Rumsfeld Rejects Guantánamo Reform
by TChris
The United Nations Human Rights Commission advocated the closure of the Guantánamo prison in a report issued this week. Today, a NY Times editorial blasts the Bush administration's refusal to recognize the damage that Guantánamo does to the nation's credibility as a protector of human rights.
The Bush administration offered its usual weak response, that President Bush has decided there is a permanent state of war that puts him above the law. And that is exactly the problem: by creating Guantánamo outside the legal system for prisoners who, according to Mr. Bush, have no rights, the United States is stuck holding these 500 men in perpetuity. The handful who may be guilty of heinous crimes can never be tried in a real court because of their illegal detentions. A vast majority did nothing or were guilty only of fighting on a battlefield, but the administration refuses to sort them out.
And the editorial reminds us that accountability has been erased from this administration's vocabulary.

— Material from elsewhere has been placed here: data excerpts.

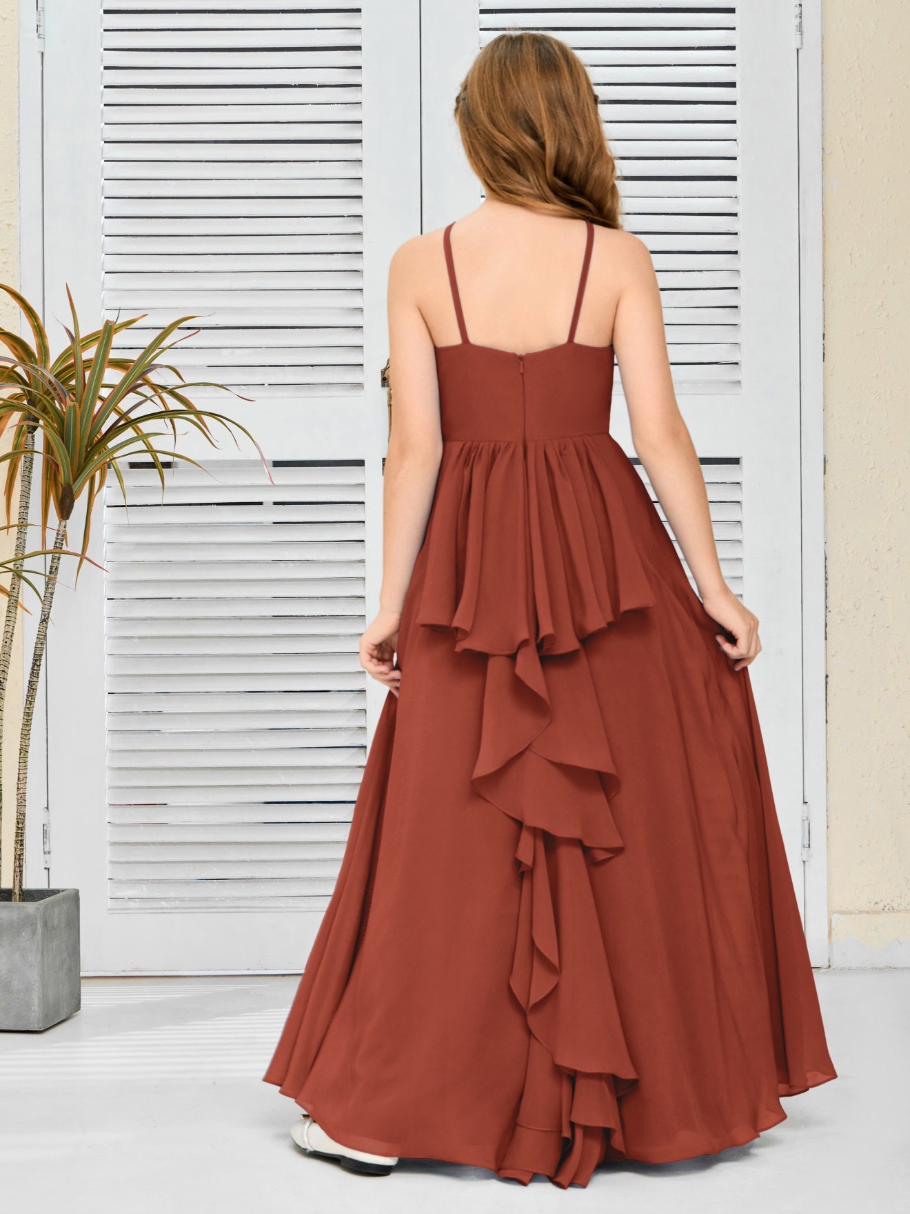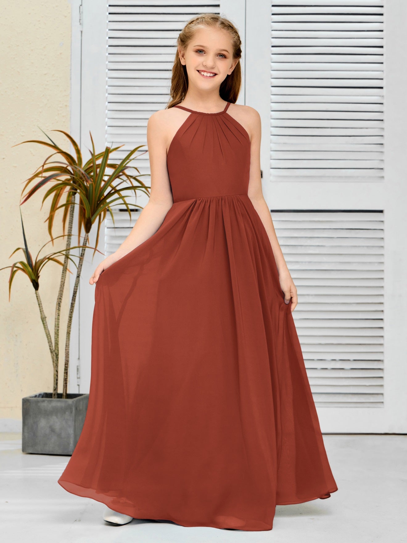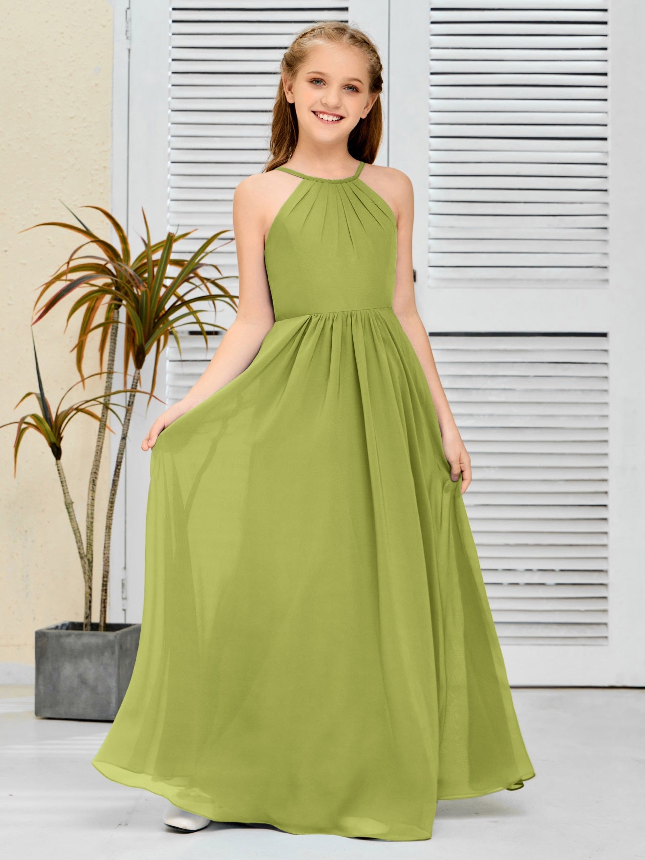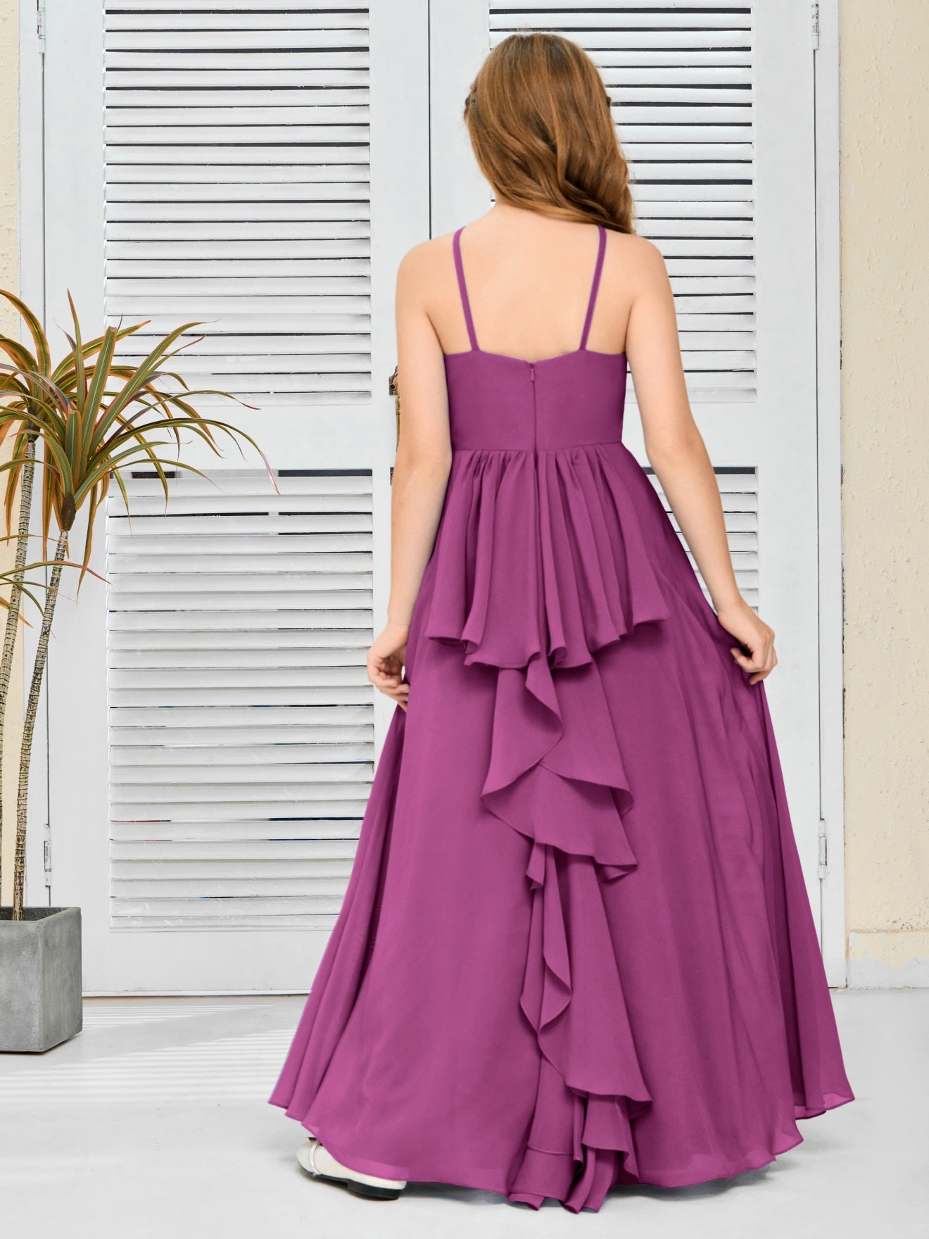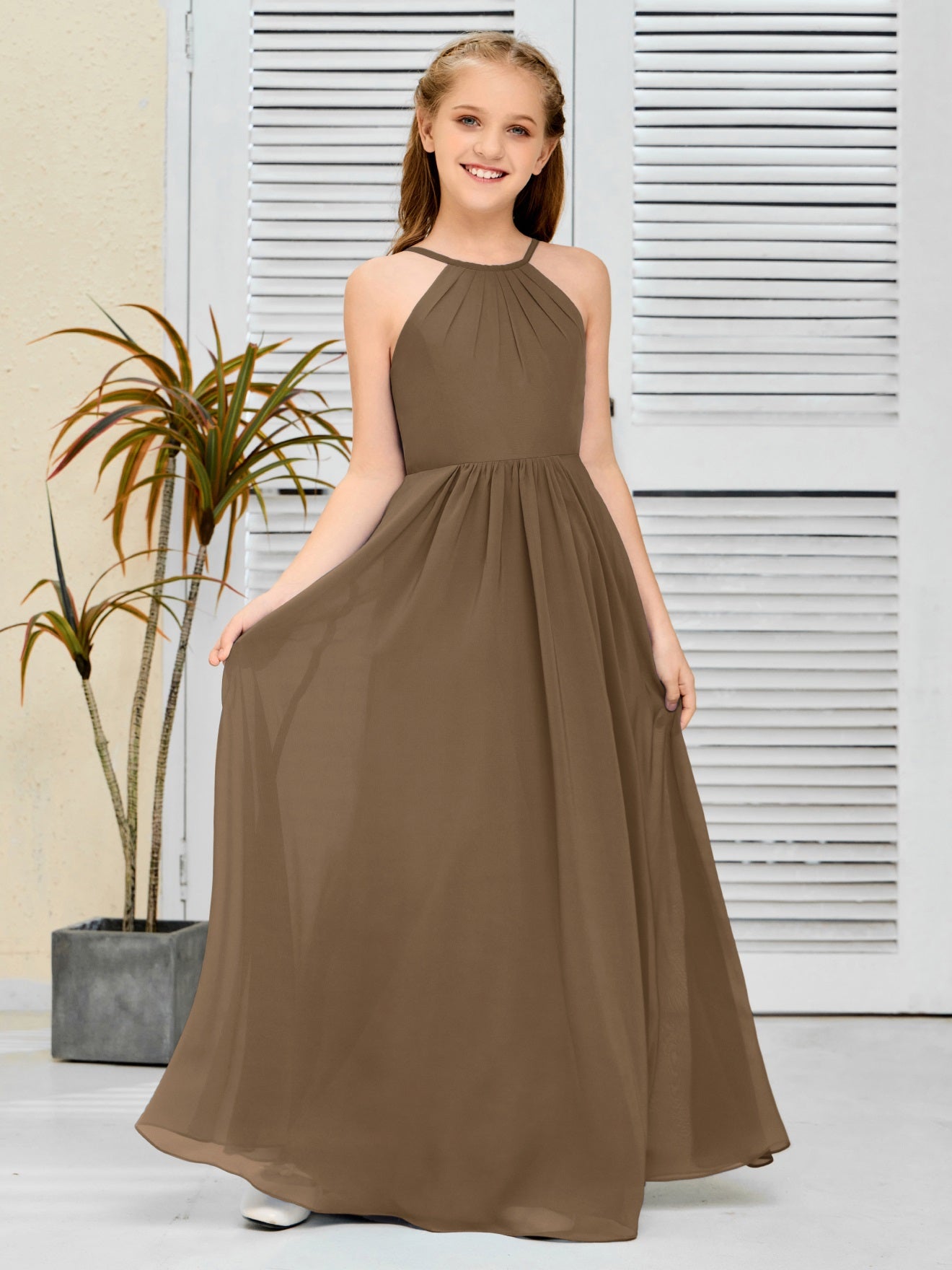 Elegantes Chiffon Junior-Brautjungfernkleid mit hängendem Ausschnitt
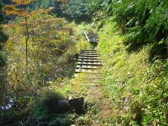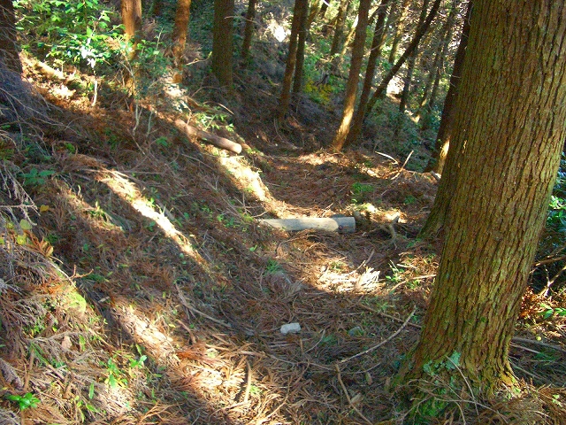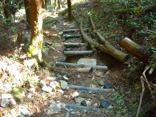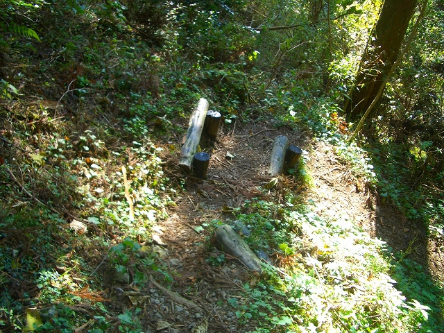 すぐ右手へカーブし急坂を下っていくと、そこには数段の木段が付けられているが、別に踏み跡が付けられている。
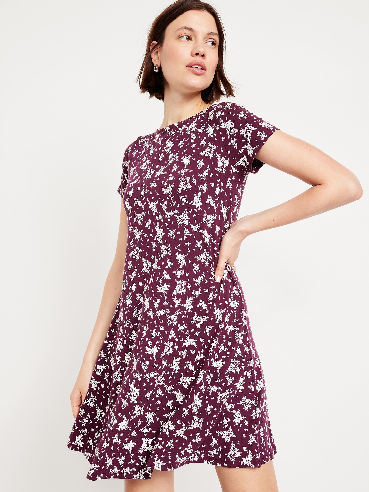 Short-Sleeve Mini Swing Dress
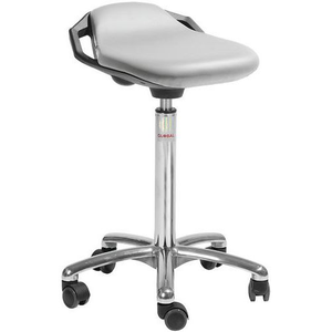 Kruk met aluminium onderstel en goed rollende wielen Zitting bedekt met koudschuim en imitatieleer Comfortabele stoel met handige handgrepen zodat de stoel eenvoudig te verplaatsen is
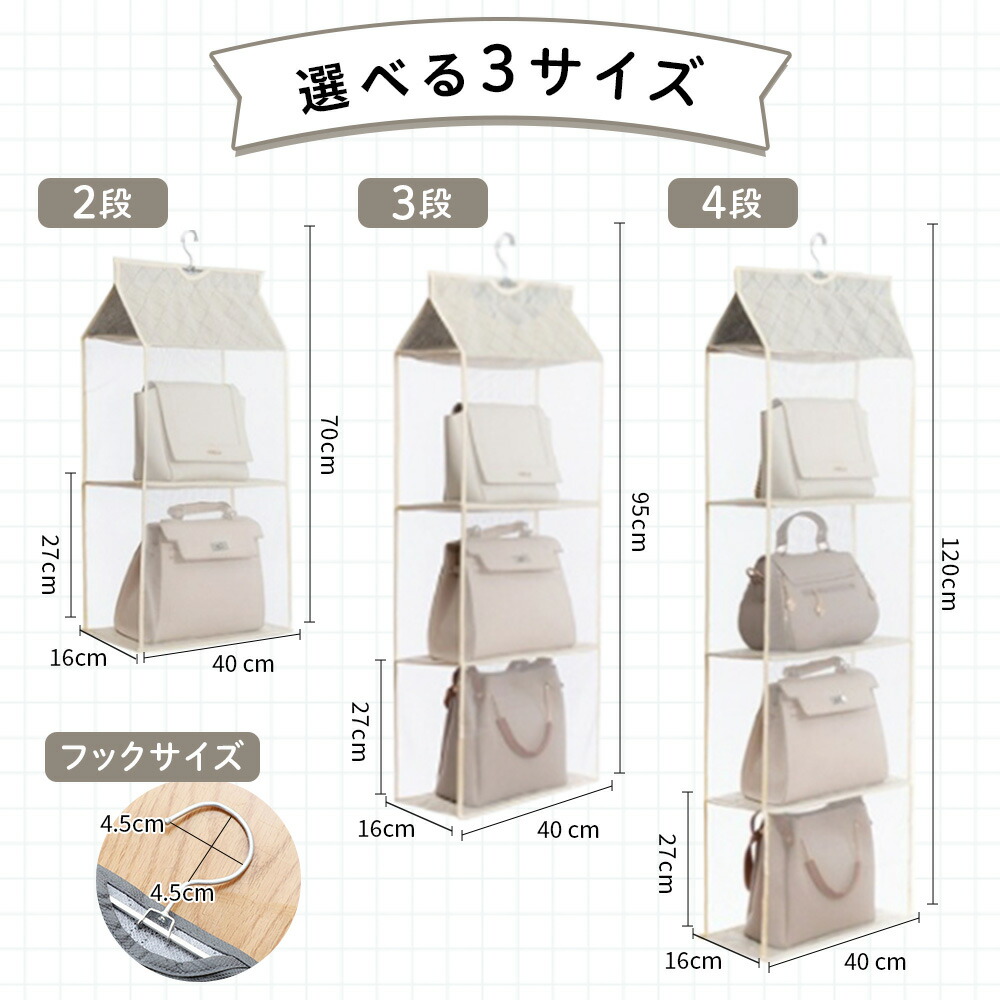 段、3段、4段の3サイズ展開。収納するバッグの数やクローゼットのスペースに合わせてお選びいただけます。

All are a reminder that the Bush administration has yet to account for what happened at Abu Ghraib. No political appointee has been punished for the policies that led to the atrocities. Indeed, most have been rewarded.
While the administration is predictably defensive about the UN Commission's report (as well as newly released photos from Abu Ghraib), it's stubborn response, delivered by Donald Rumsfeld, is equally predictable: the report is "flat wrong," all is well, we're protecting you from terrorists who will kill you if we release them. Relying on fear as a substitute for due process, the administration appears to be expanding Guantánamo instead of closing it. Feeling safe yet?